Characterising private and shared signatures of positive selection in 37 Asian populations

A new paper by Liu et al1 examines patterns of genetic diversity and positive natural selection, and finds that populations predominantly located in South Asia underwent considerably different adaptation as compared with populations from the other geographical regions.

Here is their abstract:

“The Asian Diversity Project (ADP) assembled 37 cosmopolitan and ethnic minority populations in Asia that have been densely genotyped across over half a million markers to study patterns of genetic diversity and positive natural selection. We performed population structure analyses of the ADP populations and divided these populations into four major groups based on their genographic information. By applying a highly sensitive algorithm haploPS to locate genomic signatures of positive selection, 140 distinct genomic regions exhibiting evidence of positive selection in at least one population were identified. We examined the extent of signal sharing for regions that were selected in multiple populations and observed that populations clustered in a similar fashion to that of how the ancestry clades were phylogenetically defined. In particular, populations predominantly locatedin South Asia underwent considerably different adaptation as compared with populations from the other geographical regions. Signatures of positive selection present in multiple geographical regions were predicted to be older and have emerged prior to the separation of the populations in the different regions. In contrast, selection signals present in a single population group tended to be of lower frequencies and thus can be attributed to recent evolutionary events.”

It seems that most of the 37 populations studied are heavily East Eurasian admixed, with the exception of Kurds, Tajiks, Tamil, Sinhalese, GIH, and INS, which they categorize with the South Asian clade in the Phylogenetic tree.

To investigate whether local adaptation may have driven the genetic diversity between Asian populations, they selected 33 populations. They observed that 693 selection signals were located in 140 distinct genomic regions, where the majority of the signals were present in multiple populations but located in the same genomic regions. They further investigate the pattern of sharing of the 140 selected regions among the 33 populations by calculating a similarity matrix for the 33 populations, where each entry indicates the number of regions out of 140 that are positively selected in the respective population pair. A PCA was done on the similarity matrix, the first 2 principal components indicate that population groups that are geographically closer are more likely to share the same selection signals than populations more distant. They observe that populations in South and Central Asia can be grouped separately by the extent of sharing of selection signals, whereas there was considerable overlaps between the populations in East and Southeast Asia.

 

The following is the K=2 thru K=12 admixture analysis using ADMIXTURE.

 

References:

1-Characterising private and shared signatures of positive selection in 37 Asian populations, Xuanyao Liu, Dongsheng Lu, Woei-Yuh Saw, Philip J Shaw, Pongsakorn Wangkumhang et al. , European Journal of Human Genetics, Nature Publishing Group, 12/16

https://www.researchgate.net/publication/312521886_Characterising_private_and_shared_signatures_of_positive_selection_in_37_Asian_populations

4 thoughts on “Characterising private and shared signatures of positive selection in 37 Asian populations”

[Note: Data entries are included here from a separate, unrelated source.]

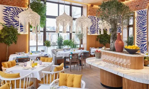 Греческий ресторан от создателей Maroon и Аркадия Новикова. Название несет в себе скрытый и по-своему прекрасный смысл: делать что-то с «мераки» означает вкладывать часть своей души в то, что ты делаешь. На этом, пожалуй, с комплиментами ресторану можно заканчивать. Над интерьером ресторана работала студия Krivtsova & Redina (Gina, Garda, Erwin Патрики), но, к сожалению, он, как и многие детали, завис в яркости нулевых. Внутри пространство разделено на несколько зон, которых, возможно, даже слишком много: зал с открытой кухней, зал с грилем, «винный погреб», зал с арочными окнами и оливковым деревом. Аляпистость чувствуется повсюду: от стен до сервировки. Выглядит дешево при среднем московском ценнике. Смешалось все: лепнина, кирпичная кладка, роспись, картины и тарелки на стенах, деревянные потолки. Есть ощущение, что с попыткой создать атмосферу заигрались.
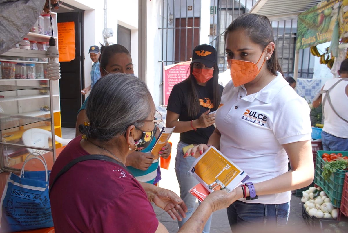 Xalapa, Ver., 25 de mayo de 2021.- En su recorrido por distintas calles del centro de la ciudad, comerciantes y vendedores en pequeño se quejaron ante la candidata de Movimiento Ciudadano a la diputación federal por Xalapa urbano, Dulce Méndez de la Luz Dauzón, del desplome de ventas en sus negocios derivado de la pandemia del Covid 19 y del nulo apoyo del gobierno, lo que ha provocado el cierre temporal o permanente de muchos comercios de las calles del centro y el despido masivo de los empleados en detrimento de sus familias.
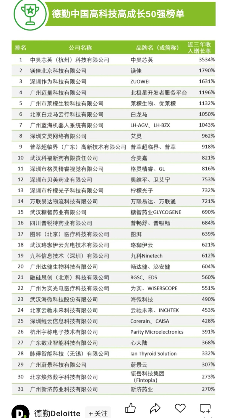 $科德教育(SZ300192)$ 中昊芯英入选德勤高科技高成长50强。德勤高科技高成长评选项目1995年创办于美国硅谷,2005年进入中国,每年在数十个国家和地区举办。历年榜单中涌现出许多行业翘楚,如:腾讯、阿里巴巴、百度、京东、中芯国际、药明康德、字节跳动、苹果、微软、谷歌、特斯拉、英伟达等。企业入选榜单时通常处于早期阶段,该榜单又被誉为“伟大科技企业的摇篮”。
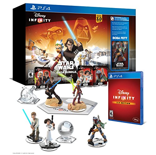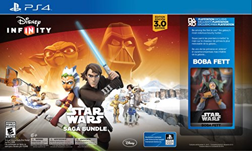 Experience the Star Wars Saga with the Sony exclusive Disney Infinity 3.0 Edition: Star Wars Saga Bundle, featuring the Disney Infinity 3.0 Edition Starter Pack and 2 exclusive early releases, including the Rise Against the Empire Play Set and Boba Fett Figure."
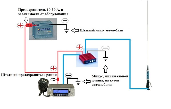 Для улучшения качества приема используется отдельный усилитель сигнала, который врезается в соединительный кабель. Электрическая схема подключения устройства включает в себя положительный и отрицательный провода. Минусовой сигнал поступает от кузова автомашины или металлического силового каркаса панели приборов. Плюсовой кабель подсоединяется к ближайшему переключателю. Но при выключенном зажигании антенна не работает, поэтому рекомендуется коммутировать провод напрямую к штекеру магнитолы.
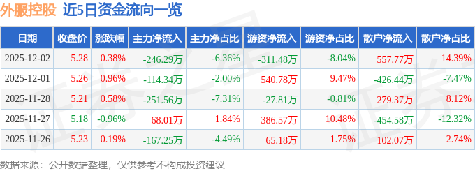 证券之星消息,截至2025年12月2日收盘,外服控股(600662)报收于5.28元,上涨0.38%,换手率0.32%,成交量7.36万手,成交额3875.21万元。
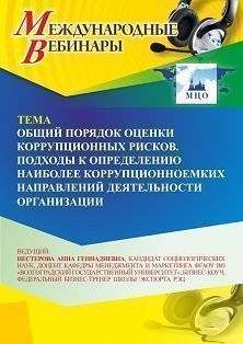 Международный вебинар «Общий порядок оценки коррупционных рисков. Подходы к определению наиболее коррупционноемких направлений деятельности организации»
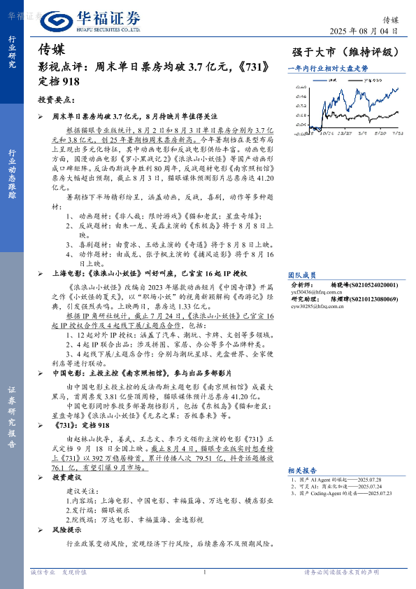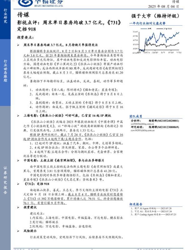 【华福证券】【20250804】传媒影视点评:周末单日票房均破3.7亿元,《731》定档918-2页
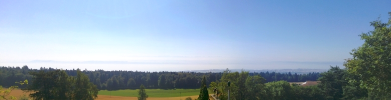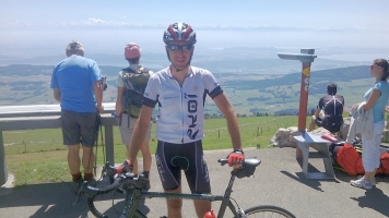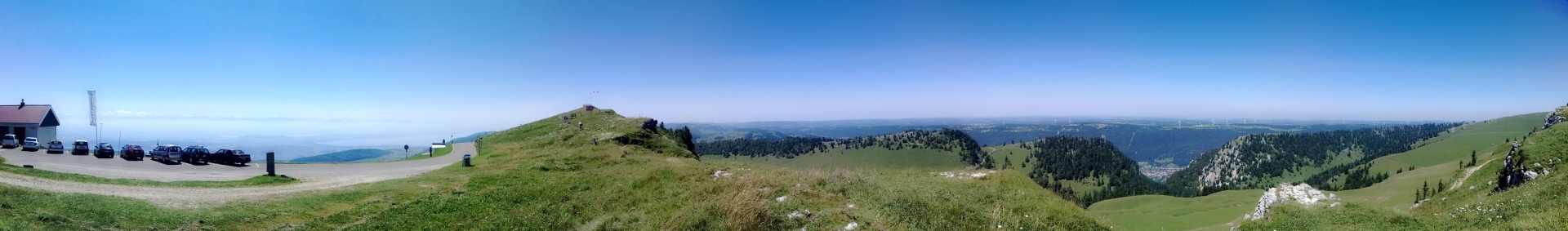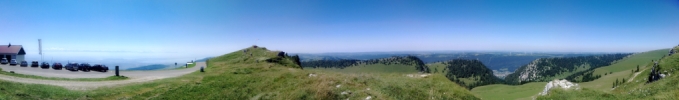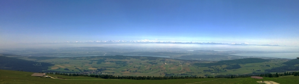 Puis arrive le sommet : c’est la claque ! Après avoir passé 1h dans les sapins et pâturages, au sommet la vue est exceptionnelle! L’horizon est découpé par la chaine des Alpes, du Mont Blanc (au sud) jusqu’à la Jungfrau (au nord) en dessous on aperçoit les nombreux lacs suisses. Comme une impression de voler. La douleur de la montée est oubliée en une vision : c’est ça gravir des cols.
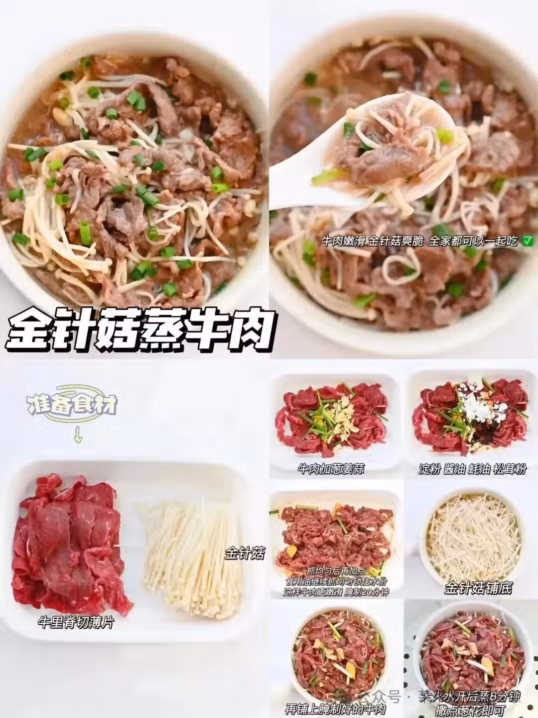 準備食材:牛裡脊,金針菇,蔥姜蒜,澱粉,醬油,蚝油,松茸粉,食用油。
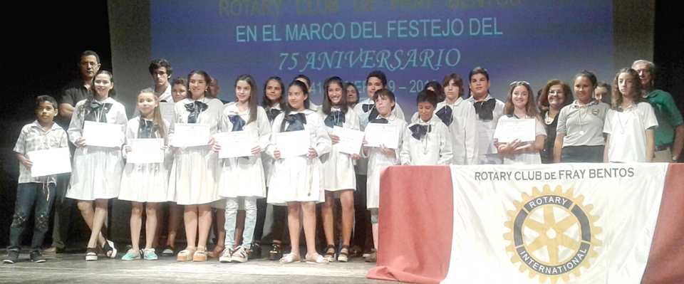 En la sede del Teatro Municipal Miguel Young con muy buen marco de público se llevó a cabo el acto por el cual se entregaron diploma y medalla al Mejor Compañero; y los Premios S.A.T.O. Servicio a Través de la Ocupación- por parte de Rotary Club Fray Bentos. Al ser entrevistado por Crónicas; su presidente Ing. Agr. Jorge Gallo Azeves nos dijo: “Esta ha sido una noche de muchas emociones. Esta es una actividad que ya tiene alrededor de cincuenta años eligiendo al mejor compañero de su clase. Siempre a esta altura del año Rotary Club Fray Bentos realiza la entrega del premio al Mejor Compañero elegido por ellos mismos donde se destaca el compartir, el ser solidario, el ser tolerante. También en este acto hemos entregado los Premios al Servicio a Través de la Ocupación reconociendo al Club Tulipán por sus 50 años de vida, a los cien años de la fundación del Club Nacional de Fútbol; a los 25 años del Programa Deportivo La Deporteca que conduce Walter Gustavo Socías, a la Profesora Mirna Linale Premio a la Trayectoria; y al joven Joaquín Cortacans Premio a la Investigación Científica. En lo referente a las Escuelas hemos reconocido no solamente escolares de Fray Bentos sino también a la zona rural cercana a la capital rionegrense y los colegios de enseñanza privados”. Por último el presidente de la rueda rotaria fraybentiina nos comenta que lo que les resta de actividades por la agenda 2016 es la entrega a los Premios Juancho: “Nos está quedando entonces lo clásico del 29 de diciembre que es la entrega de los reconocimientos al deporte, a los deportistas con los Premios Juancho. Para ello viene trabajando un equipo organizador donde están los periodistas deportivos, en coordinación con la Dirección de Deportes y con la Intendencia junto a los rotarios”subrayó el presidente Gallo Azeves. |

  1. It would have been nice if they included a table of positively selected alleles for S Asians…
    Also, what’s up with their ADMIXTURE analysis? It seems to lacks nuance.

  2. It would have been interesting if they had included in their sample Burmese, NE Indian ethnic groups including various Assamese groups and ethnic groups from Nepal. Possibly even groups such as Bengali, Munda and other South Asian Austro-asiatic groups

  3. Interesting that they included Kurd, Tajik, and Southern Indian populations but skipped over Hazara and NE Indian populations that have strong E Eurasian. Why include Kurd, and not any North Indian, Pakistani, Pashtun, or other Iranians populations? Maybe the SOUTH group is used as means of comparison/control?